Hijo, nos sacrificamos para inscribirte en una escuela donde hicieras buenas relaciones. Nos quemamos las pestañas haciéndote las tareas para que quedaras bien. Presionamos o compramos a los maestros para que te pusieran mejores calificaciones y a la escuela para que te diera el título. Te mandamos al extranjero. ¡Y ahora sales con que no puedes ayudarnos, aunque estás en el poder! Eres un ingrato. Tú llegaste, ¿y nosotros qué?

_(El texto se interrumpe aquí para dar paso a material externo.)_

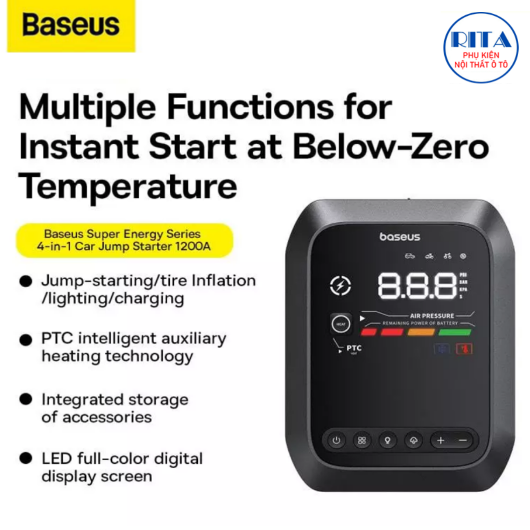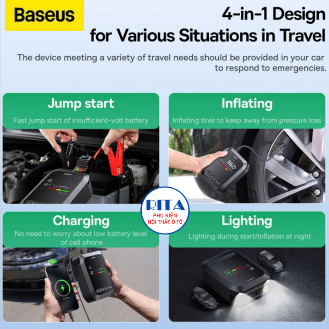 Baseus Jump Starter 1200A là Bơm lốp đa năng với 4 chức năng tiện lợi tích hợp trong một thiết bị nhỏ gọn tiện lợi mang theo xe. Giúp tài xế luôn chủ động dự phòng với các sự việc bất ngờ với bình xe và lốp xe của mình.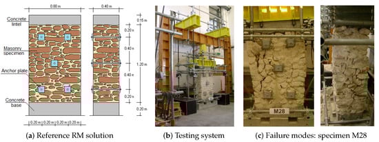 Setup for compression tests of the RM wall specimens and final failure modes [6]. (a) Schematic representation of the reinforcement solution with steel connectors (Specimens M41, M44, and M28); (b) axial compression testing system; and (c) frontal and lateral views of the failure mode of specimen M28. See [2,6] for more details.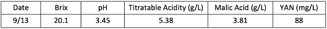 Table 1: Juice Chemistry after chaptalization (Imbibe Solutions)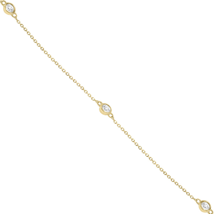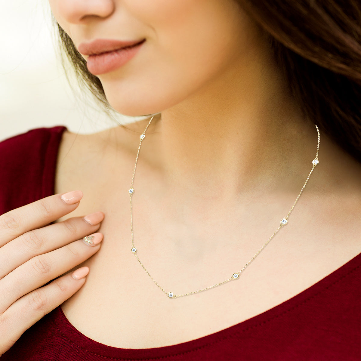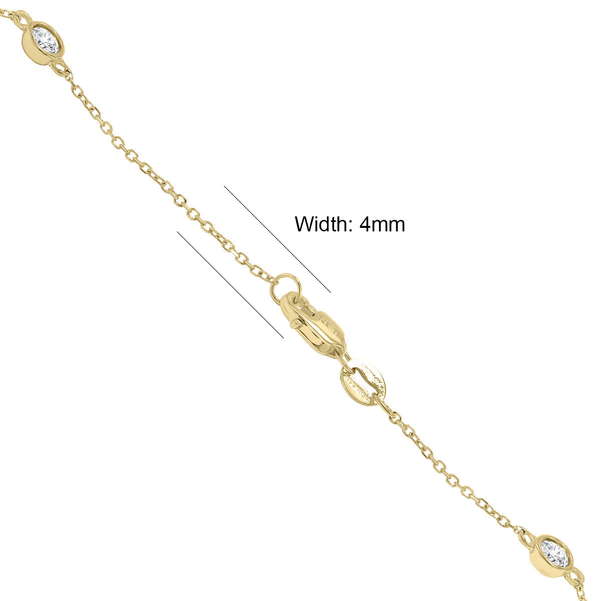 This 1 Carat TW Bezel Set Diamond Station Necklace in 14K Yellow Gold by SSELECTS is a popular and stylish piece, featuring 10 genuine bezel-set diamonds with a total weight of 1 carat. The 0.80mm gauge cable chain provides a dainty yet cool look, making this necklace perfect for everyday wear or special occasions. The necklace measures 18 inches in length and is secured with a durable lobster claw clasp.

En el siglo XX, se multiplicaron las burocracias públicas y privadas. Paralelamente, se extendió el cinismo sobre las instituciones, la exaltación del cuerpo y el “primero yo”. O, en una corrupción más generosa: primero mi familia, mis compadres, amigos, compañeros de escuela, vecinos y paisanos, a costa de la empresa, la institución o el país.

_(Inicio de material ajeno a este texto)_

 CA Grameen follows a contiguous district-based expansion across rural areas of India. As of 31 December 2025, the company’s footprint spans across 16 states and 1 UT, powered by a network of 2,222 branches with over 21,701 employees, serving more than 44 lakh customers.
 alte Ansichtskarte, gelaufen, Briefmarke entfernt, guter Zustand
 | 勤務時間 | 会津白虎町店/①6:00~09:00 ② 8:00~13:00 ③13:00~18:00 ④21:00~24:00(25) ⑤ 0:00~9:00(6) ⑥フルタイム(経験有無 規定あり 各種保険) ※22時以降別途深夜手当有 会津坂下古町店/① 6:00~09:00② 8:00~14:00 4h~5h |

Debe reconocerse que la Ley y las instituciones no son más importantes que las personas. Por el contrario, son meros instrumentos que deben estará al servicio de una mejor convivencia de todas las personas. Pero esto no quiere decir: al servicio de mi persona y los cercanos a mí. Ni las personas, ni las familias, ni la sociedad, llegan muy lejos sin instituciones y leyes respetables y respetadas.